The blade sang in the air for an eternity; Lara felt herself frozen in tearing pain and blind terror. Her view suddenly swung wildly with a sickening thunk; the rocky floor smacked against the back of her head, and her vision rolled once before coming to a stop, cheek resting against something warm and wet. Her own body hung above her, stiff and shaking as nerve endings panicked and sent conflicting signals. The slop of intestines dragged against her cheek again; eyes wide in shock and horror, Lara's mouth shrieked and gabbled silently. Her eyes tracked with horrible clarity as Kali used its third blade to scrape her quivering corpse off the first two, letting it collapse wetly to the floor. Lips drawn in a wordless rictus, Lara wept and worked her throat in half-sobs; the idol bent over and grasped the base of her ponytail. The fading world swung again, until she was looking once more at Kali's perfectly-formed body. Something poked at her throat; she thought of home, and her father. Her jaws clenched as metal sliced against the base of her tongue, then scraped on the very back of her nose. Lara opened her mouth to scream, still trying to draw air from lungs that were no longer connected to her body. The metal punched upward, spiking her with the most intense pain she'd ever imagined.

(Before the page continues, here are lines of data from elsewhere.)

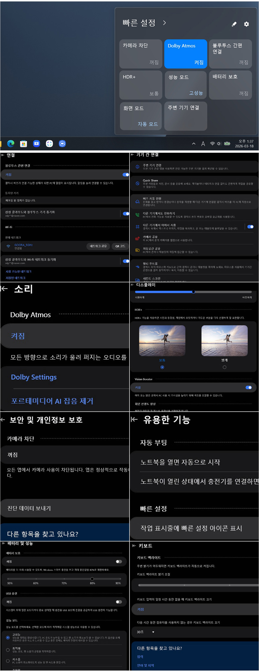삼성 Settings의 모습으로 (단축키 제공으로 손쉽게 실행할 수 있다.) 연결과 사운드 & 디스플레이 설정이 가능하며 퍼포먼스 설정과 자동부팅, USB 충전, 키보드 백라이트 설정 등을 지원한다. 또한 보안관련 설정에서 카메라 비활성화가 가능해 사생활 침해등을 미연에 방지할 수 있다.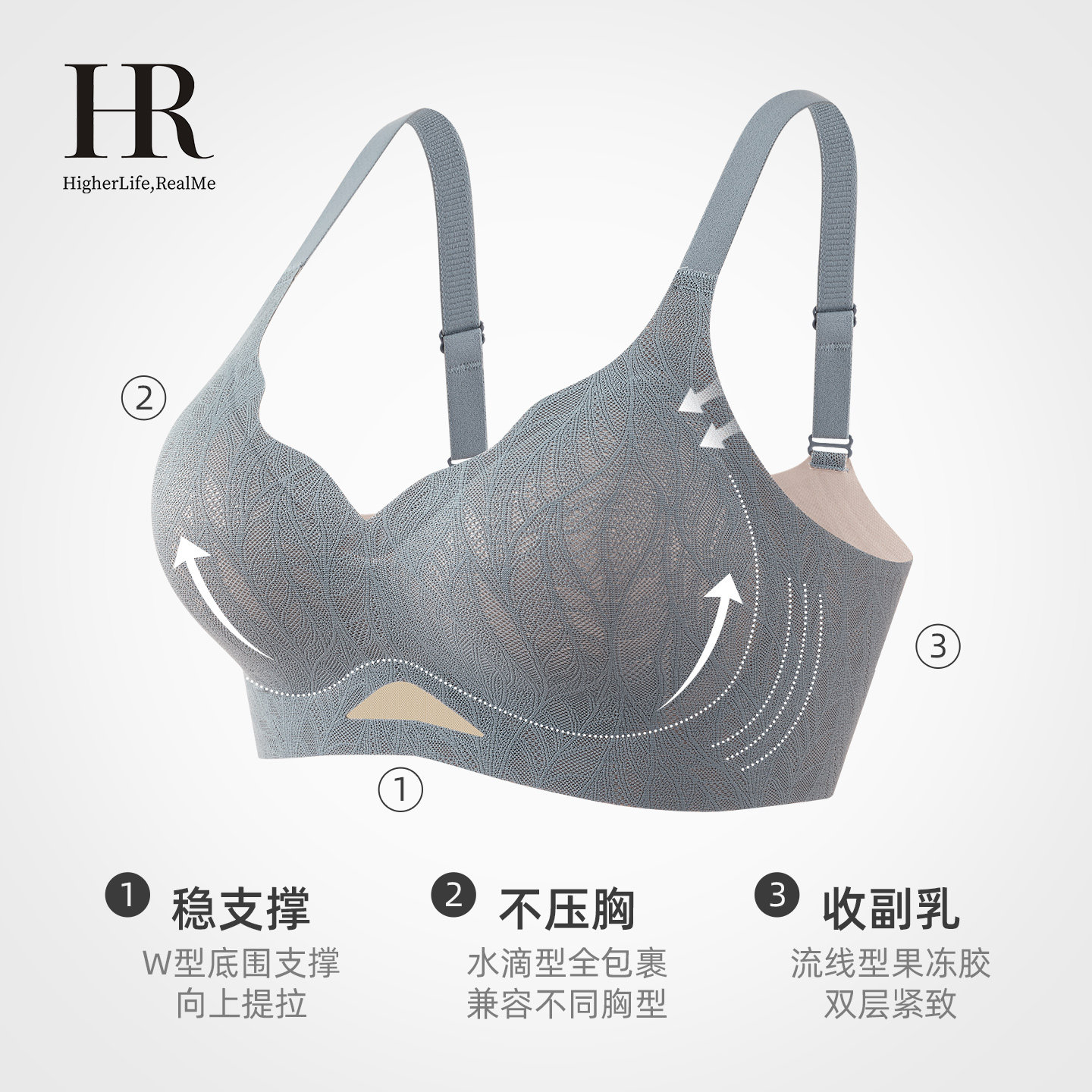 HR赫莲娜「小波浪」法式蕾丝小胸聚拢内衣女收副乳防下垂文胸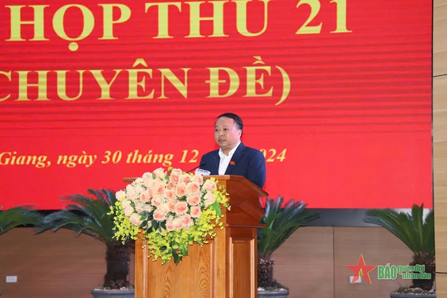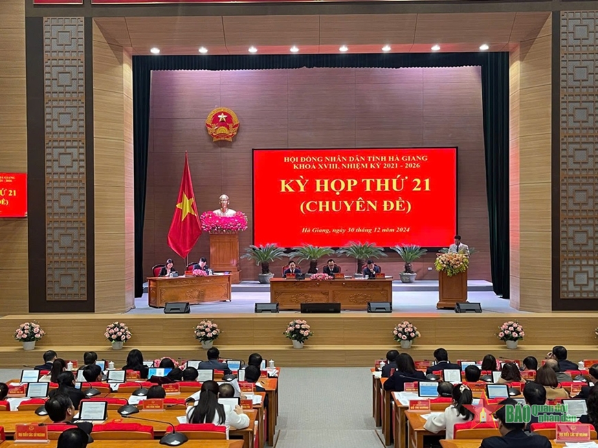 Quang cảnh Kỳ họp thứ 21 (chuyên đề) Hội đồng nhân dân tỉnh Hà Giang khóa XVIII, nhiệm kỳ 2021-2026. |
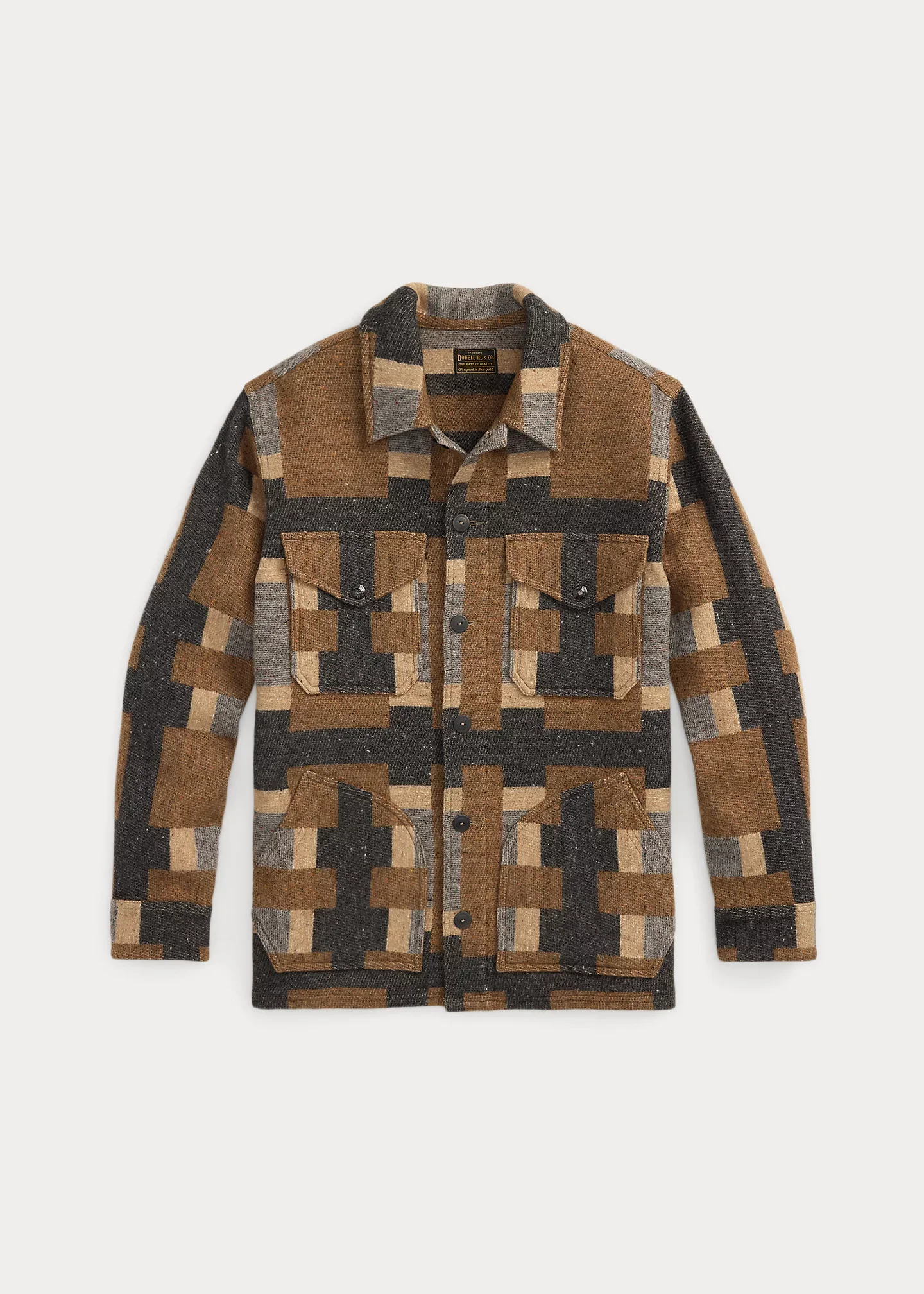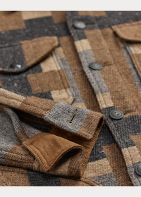 Made with wool-blend jacquard from Italy. Pattern, yarn texture, and color palette are inspired by a vintage blanket. Model is based on cruiser motorcycle jackets. Unlined. Chamois lining at the hand-warmer pockets. Corozo buttons. Enameled custom snaps at the chest pockets. DETAILS - Size medium has a 30.25" front body length, an 18.5" shoulder, a 45.5" chest, and a 34.5" sleeve length. Sleeve length is taken from the center back of the neck. - Straight collar. Buttoned placket. Corozo buttons. - Long sleeves with buttoned cuffs. Chamois facing at the cuffs. - Two chest snapped pockets. Chamois facing at the pocket flaps. Two hand-warmer pockets with chamois lining. - Unlined. - 64% wool, 18% cotton, 18% nylon. - Dry clean. - Imported. - Style Number: 100064285

The statue of Kali looked on with the same somber expression, watching the muscles of Lara's face twitch as its sword pierced her brainpan. The top of her skull offered little resistance to the preternaturally sharp blade; the idol forced Lara's head down along the sword until the bleeding flesh below her jaw pressed against the skull that already topped the pommel. For a time, Kali held the weapon in front of it, watching the last tics work themselves out of Lara's dead muscles. Then, it turned and resumed its spot atop the pedastal. In time, the flesh and hair would rot away from the new skull, leaving only a grisly, empty, silent scream to warn any that followed.